Towards the end, everything got rushed and blurred and there were a string of all nighters. One time I was lying down in a chair with feet propped up and my computer on my knees, editing while eating chocolate chips off my stomach. Also, I may have turned my music down when I heard the Invisible Ninja Cat wake up so she wouldn’t know I was (still) awake and then turned it back up and sang along once the shower was running because I assumed she couldn’t hear me and found out later that she could.

But, at 3:30pm on April 26th, my thesis was bound and turned into the Registrar’s Office.

I proceeded to eat cake, sleep, be completely disoriented upon waking, go out for drinks and dinner, play board games, and then drop off to sleep.

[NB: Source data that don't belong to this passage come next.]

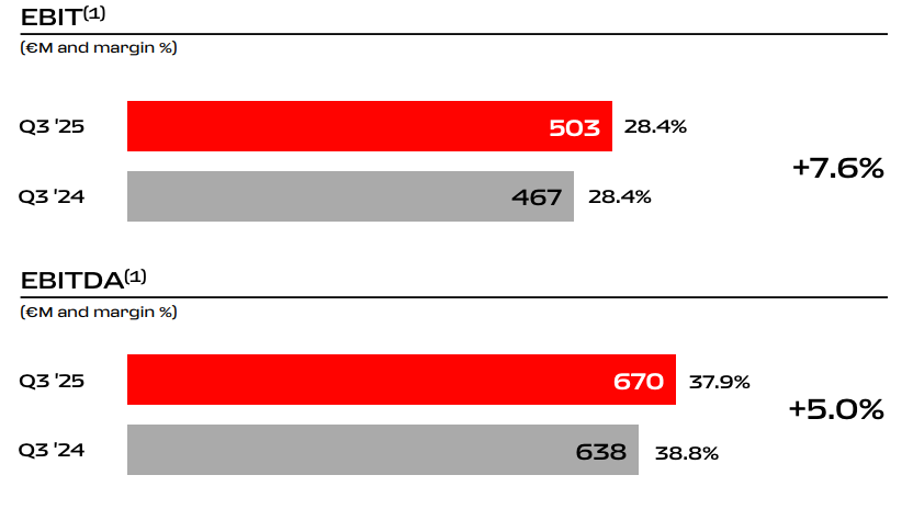 Exceptional Margins: Q3 Adjusted EBITDA reached €670 million, translating to a powerful 37.9% margin. This remains one of the highest profitability metrics in the entire global luxury and automotive landscape, validating the economic returns discussed in our initial analysis. Operating Profit (EBIT) grew 7.6% year-over-year to €503 million, achieving a 28.4% margin.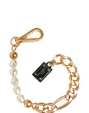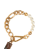 Dolce & Gabbana Gold Tone Brass Faux Pearl Logo Embellish Charm Bracelet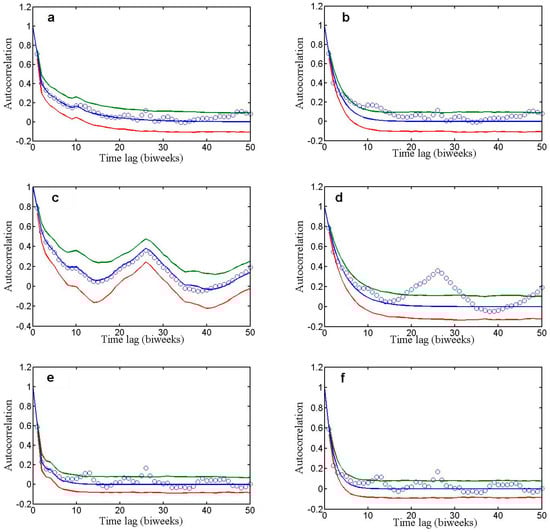 Autocorrelation functions (ACFs) of the original time series and AR (1) fitted processes and better fitted ARMA processes. In x-axes is the time lag (1 unit = two weeks). Circles are the ACFs of the time series (transformed as explained in the text), the blue line the ACF of the fitted process, and red and green lines the 95% confidence limits of the fitted process ACF. (a) Discharge AR (9), (b) discharge AR (1), (c) sodium AR (34), (d) sodium AR (1), (e) sulfate AR (3), (f) sulfate AR (1).

And that’s how you do an undergraduate senior thesis.


From → Thesis

  1. Actually, Natalie, people do ask male authors that about their female characters, all the time. It’s called feminists and woman’s colleges, and it’s also one of the main reasons most males write their main characters from the male point of view.
    It’s one of the biggest issues both genders face when writing. I’m not saying this guy was 100% right, but it’s a question you’re likely to be asked or is likely to be asked about you, and it’s not an unfair one (see Virginia Woolf, a room of one’s own on androgyny). It’s a question that should constantly be asked of all writers about their characters of the opposite sex. It’s something I question myself about all the time, as I should.

    And, this might surprise you, but as someone who’s actually looked into this, gender norms, excepting sexual preference standards which have had a few minor blips, gender constructs have stayed remarkably stable throughout history in most culturally and militarily dominant societies. Rome, Greece, Babylon, Ancient England… By and large (obviously there are cultural variants, but at the root of the thing), it’s not changed very much, even after thousands of years.

    BUT GO YOU for finishing and being fabulous and still living! 😀


    • You bring up good points, Charlotte. Thank you for commenting, and in response let me clarify a few things.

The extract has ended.